Among the entries that follow, locate the line with "der Veranstaltung... |" and the line with "A set of 6 17th". Output those lines and all lines in between, exactly, minus the pictures.

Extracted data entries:
━━━━

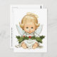 Um anjo louro e cabeludo segurando um pouco de natal.
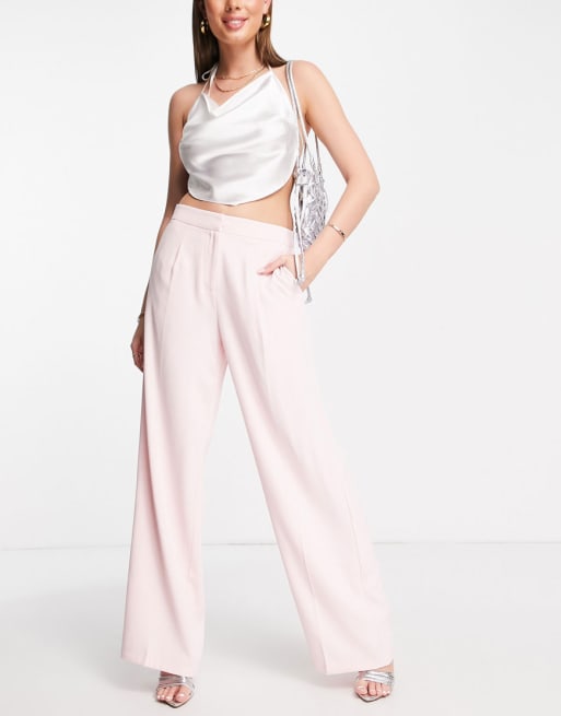 Selected Femme tailored blazer and wide leg trousers in pink
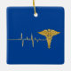This ornament features golden heart rate line with a golden medical caduceus at the end. The back of the ornament can be personalised with a NAME and the YEAR that you want. This makes a great gift for anyone in the family who is a doctor to be represented on the Christmas tree, or just for your favourite doctor as a gift from you. Due to the design style, this can only be purchased on SQUARE ornaments. Designed by Sheila Cicchi, Brownielocks.com. All Rights Reserved.
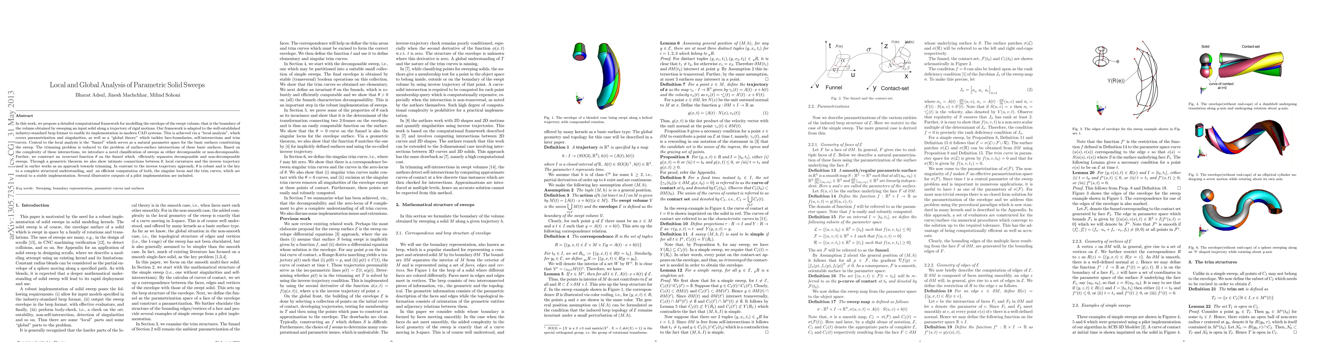 In this work, we propose a detailed computational framework for modelling the envelope of the swept volume, that is the boundary of the volume obtained by sweeping an input solid along a trajectory of rigid motions. Our framework is adapted to the well-established industry-standard brep format to enable its implementation in modern CAD systems. This is achieved via a "local analysis", which covers parametrization and singularities, as well as a "global theory" which tackles face-boundaries, self-intersections and trim curves. Central to the local analysis is the "funnel" which serves as a natural parameter space for the basic surfaces constituting the sweep. The trimming problem is reduced to the problem of surface-surface intersections of these basic surfaces. Based on the complexity of these intersections, we introduce a novel classification of sweeps as either decomposable or non-decomposable. Further, we construct an {\em invariant} function $\theta$ on the funnel which efficiently separates decomposable and non-decomposable sweeps. Through a geometric theorem we also show intimate connections between $\theta$, local curvatures and the inverse trajectory used in earlier works as an approach towards trimming. In contrast to the inverse trajectory approach, $\theta$ is robust and is the key to a complete structural understanding, and an efficient computation of both, the singular locus and the trim curves, which are central to a stable implementation. Several illustrative outputs of a pilot implementation are included.
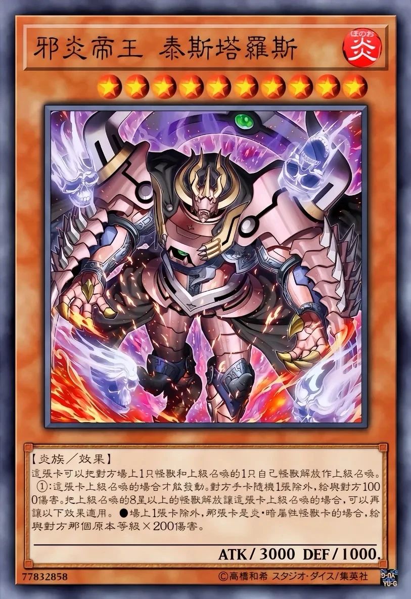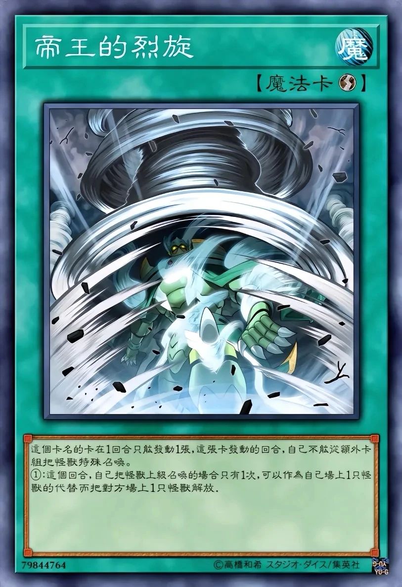 专攻后场清除。配合帝王的烈旋(将对方怪兽当作解放素材)可解掉对手关键魔陷。在真帝王领域下,解放对方怪兽召唤可触发破坏效果,同时规避自身祭品需求。
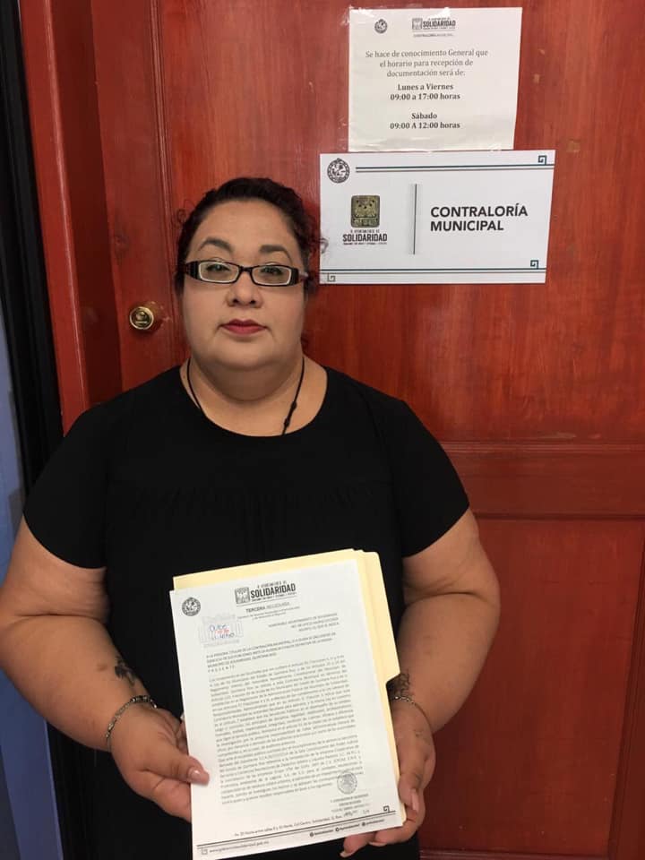 Esta mañana la Regidora Verónica Gallardo presentó ante la Contraloría Municipal de Solidaridad, una denuncia para que se investiguen los hechos relacionados con el escándalo del Servicio de Recolección de Residuos, con las empresas REDESOL y PASA y se finquen las responsabilidades correspondientes contra quien o quienes resulten responsables.
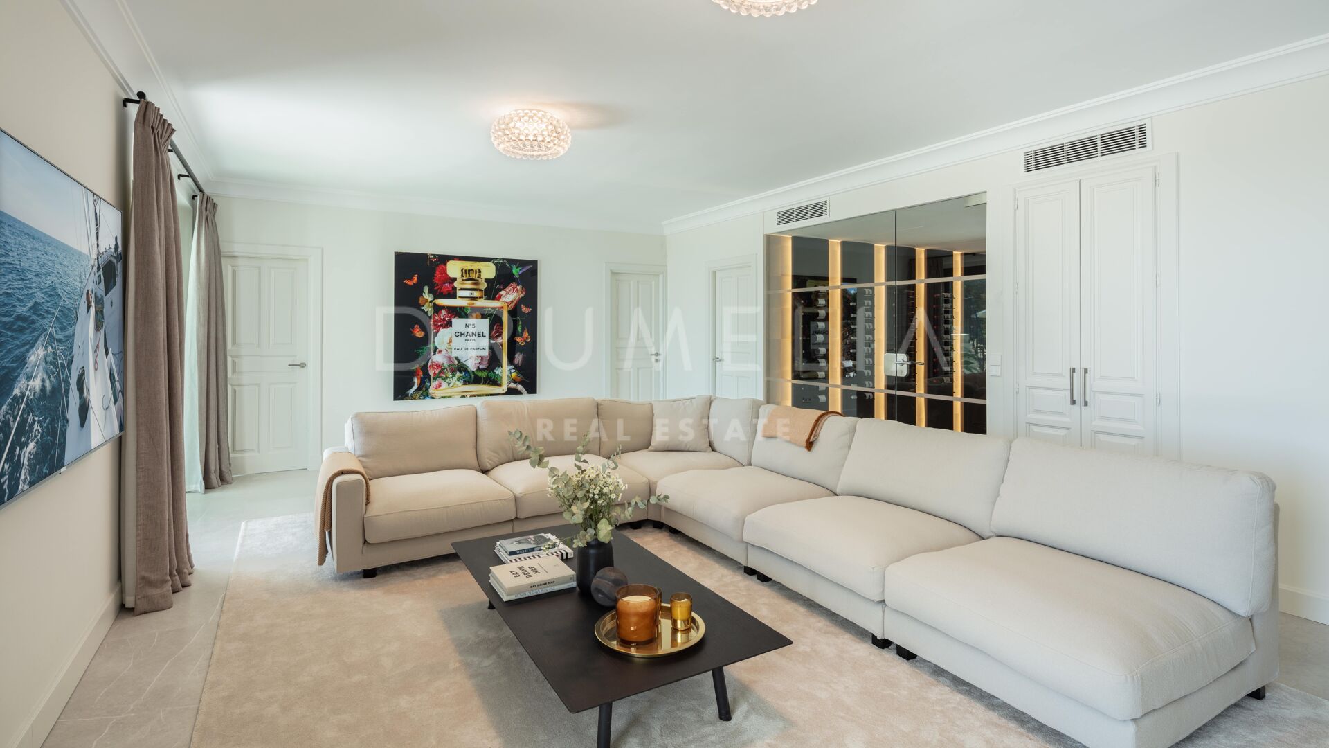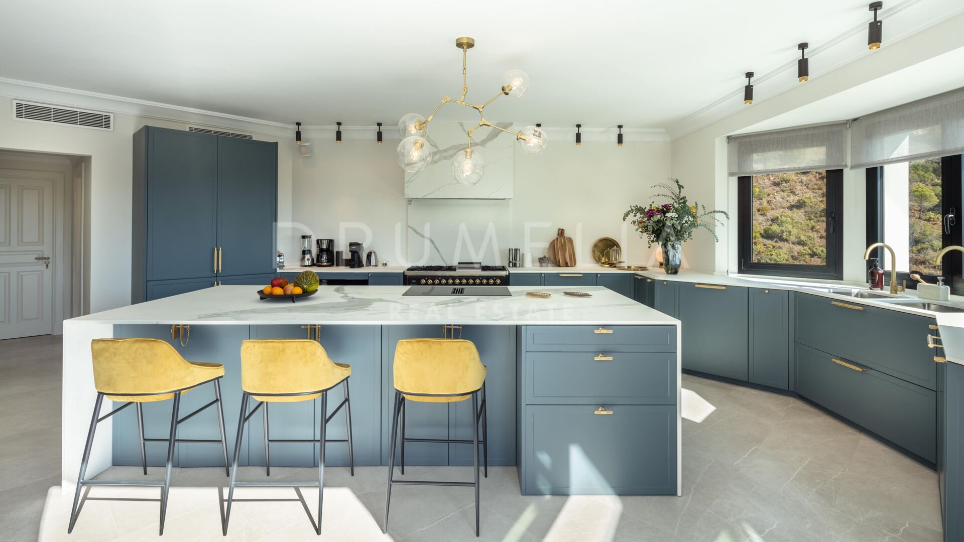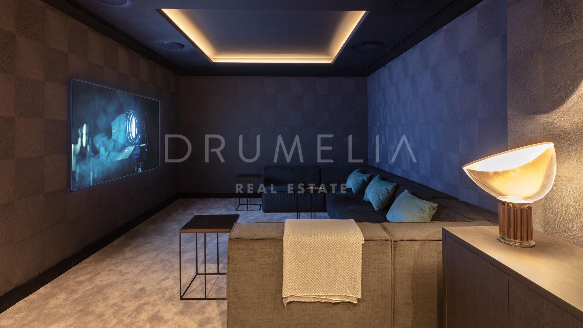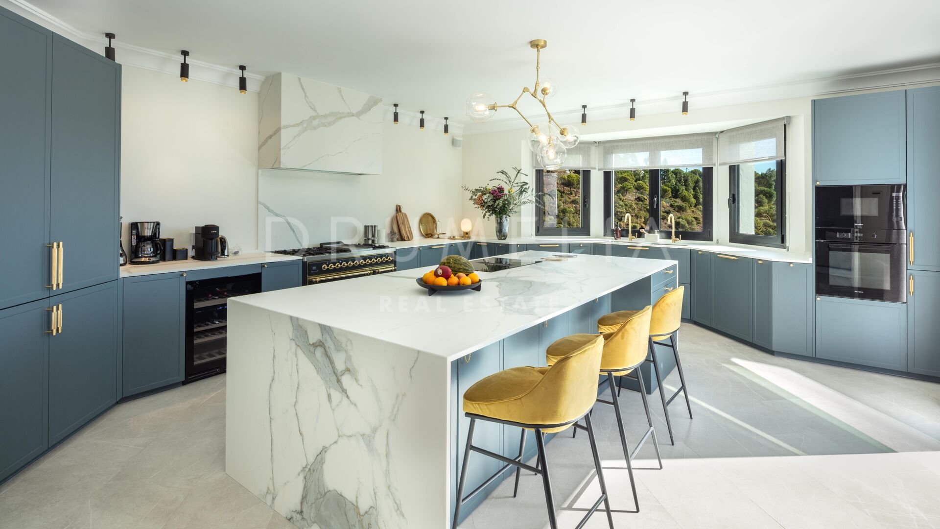 The open floor plan and elegant interiors create a harmonious and welcoming living and dining room environment, with classic fireplaces all connected to the terraces. A fully fitted, large and beautiful kitchen has quality appliances, a massive island and an exit to the terrace as well. Upstairs, the large Master suite boasts a special charm and extraordinary views from this level. It has oak-panelled ceilings, a lounge area, a marbled bathroom for ‘him’ and ‘her’ and a freestanding tub, a custom-made walk-in closet and a private terrace. The property also hosts 4 further bedroom suites, an impressive welcoming hall, a bodega wall, 2 guest toilets, a fully equipped gym, a cinema and game room, utility, storage and laundry areas. It also offers the best of outdoor living: spacious covered and uncovered terraces, a landscaped garden with lush vegetation, a heated swimming pool with incorporated water features, Jacuzzi and BBQ with an outdoor dining area. Perfect for the most exclusive, glorious Mediterranean lifestyle!
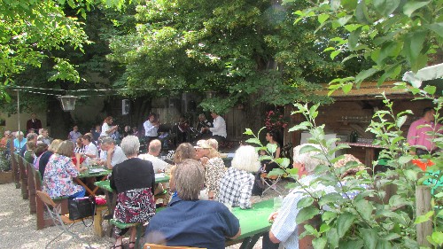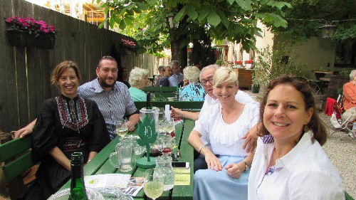 | Am Sonntag, 3. Juni 2018 fand beim Heurigen die 1. Schrammelmatinee unter dem Motto "Gemischter Satz der Wiener Musik in Nussdorf" mit dem Musikquartett Wiener Herzen und Michael Perfler (Gesang) statt. Wir bedanken uns bei allen Gästen und Mitwirkenden für die schönen, vergnüglichen Stunden im Heurigengarten! Anbei ein paar Eindrücke der Veranstaltung... |
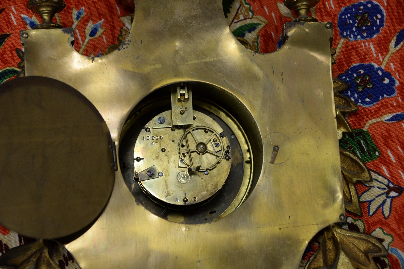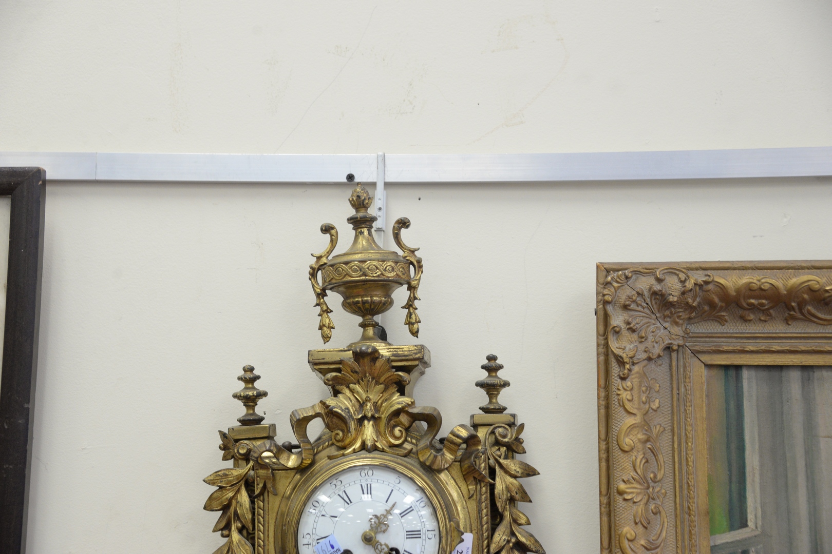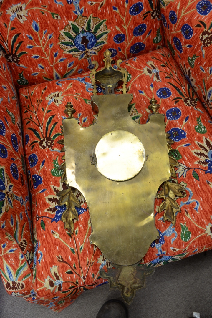 Louis XV Style Brass Wall Clock, with porcelain dial, height 26 inches.
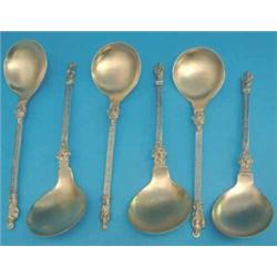 A set of 6 17th century style parcel gilt spoons with apostle finials....
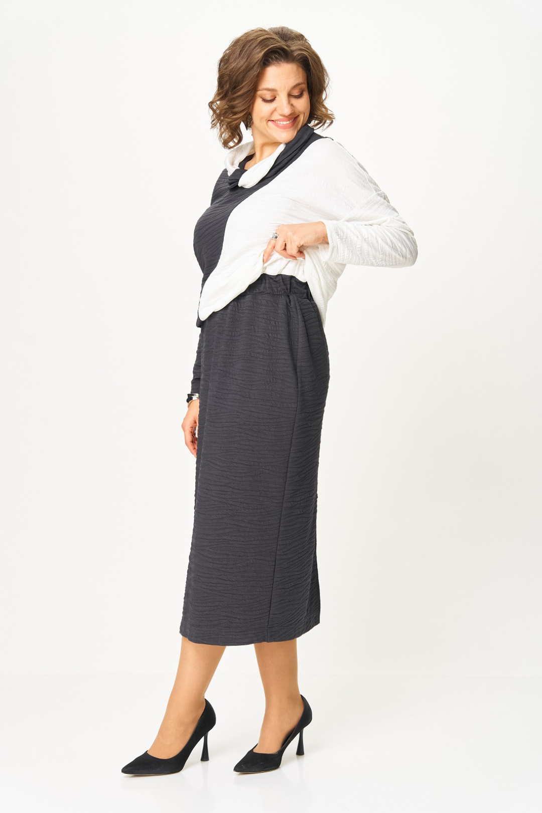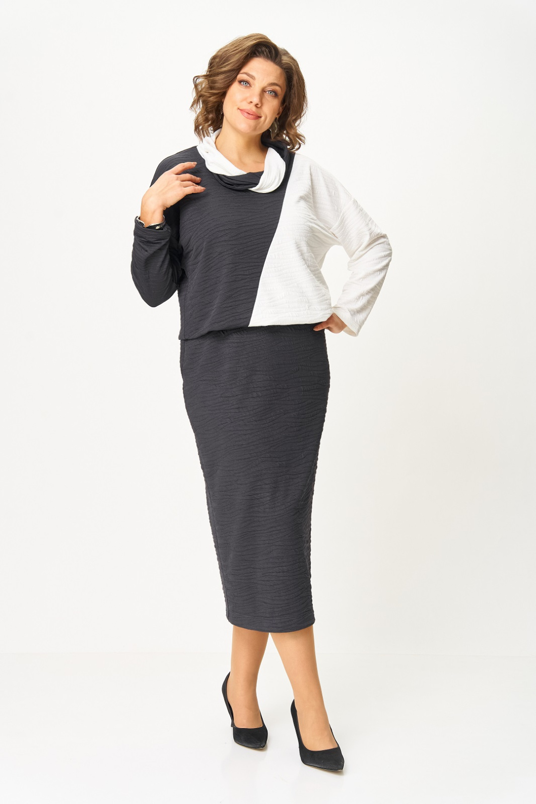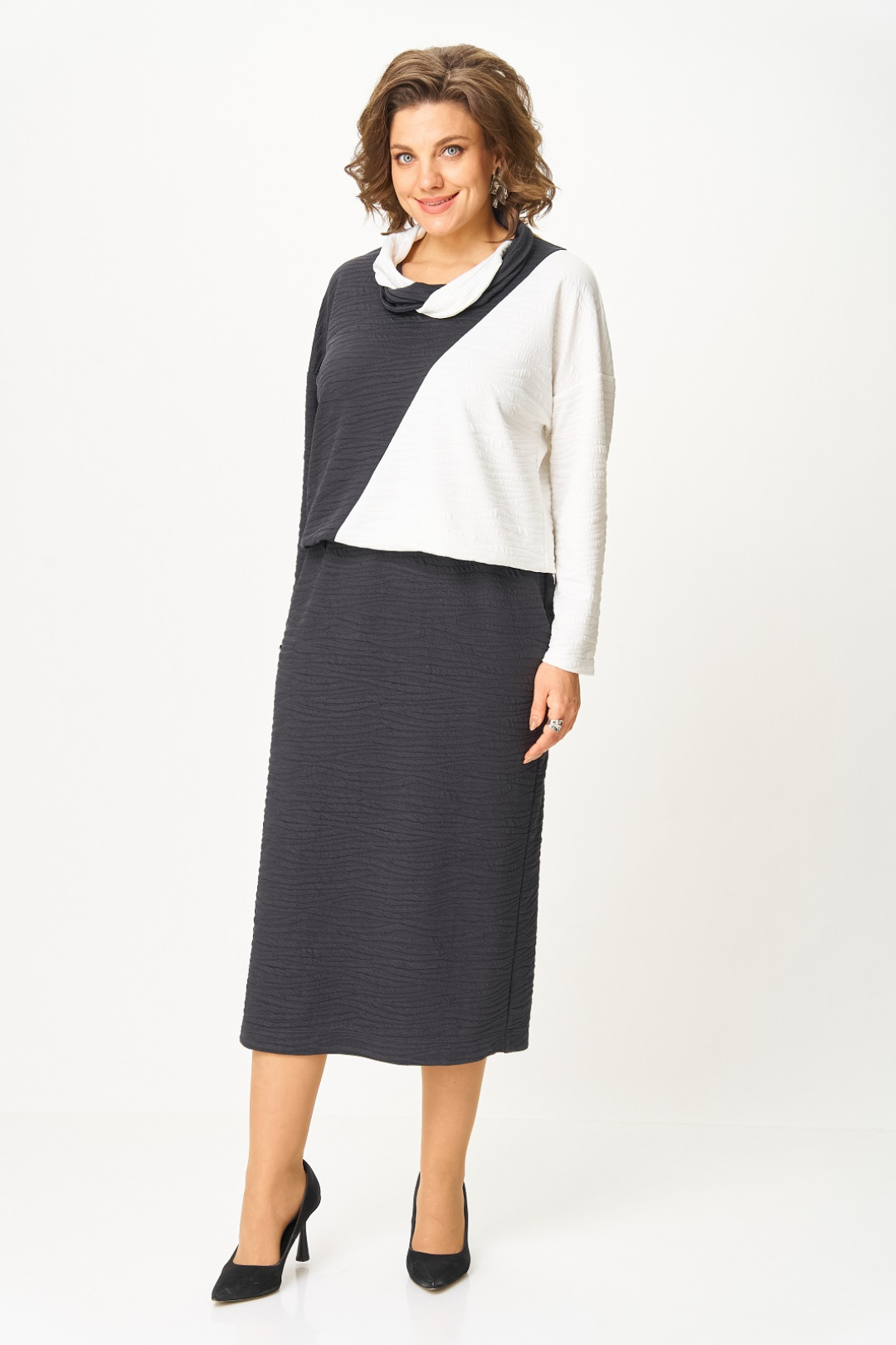Нарядное женское платье из трикотажной ткани с добавлением вискозы. Оригинальность платью придает слегка выпуклая фактура рисунк ткани и сочетание контрастных цветов. Силуэт прямой, удлиненное, вырез горловины круглый с отлетным по переду воротником - хомутом. Эффект воротника в переплетении двух цветов. Линия плеча слегка опущена, рукав длинный. Лиф и юбка соеденины отрезным поясом с резинкой, что позволяет делать напуск лифа. Юбка платья с разрезом по спинке, на подкладке.

━━━━

**WRITTEN SOLUTION**:
 | Am Sonntag, 3. Juni 2018 fand beim Heurigen die 1. Schrammelmatinee unter dem Motto "Gemischter Satz der Wiener Musik in Nussdorf" mit dem Musikquartett Wiener Herzen und Michael Perfler (Gesang) statt. Wir bedanken uns bei allen Gästen und Mitwirkenden für die schönen, vergnüglichen Stunden im Heurigengarten! Anbei ein paar Eindrücke der Veranstaltung... |
 Louis XV Style Brass Wall Clock, with porcelain dial, height 26 inches.
 A set of 6 17th century style parcel gilt spoons with apostle finials....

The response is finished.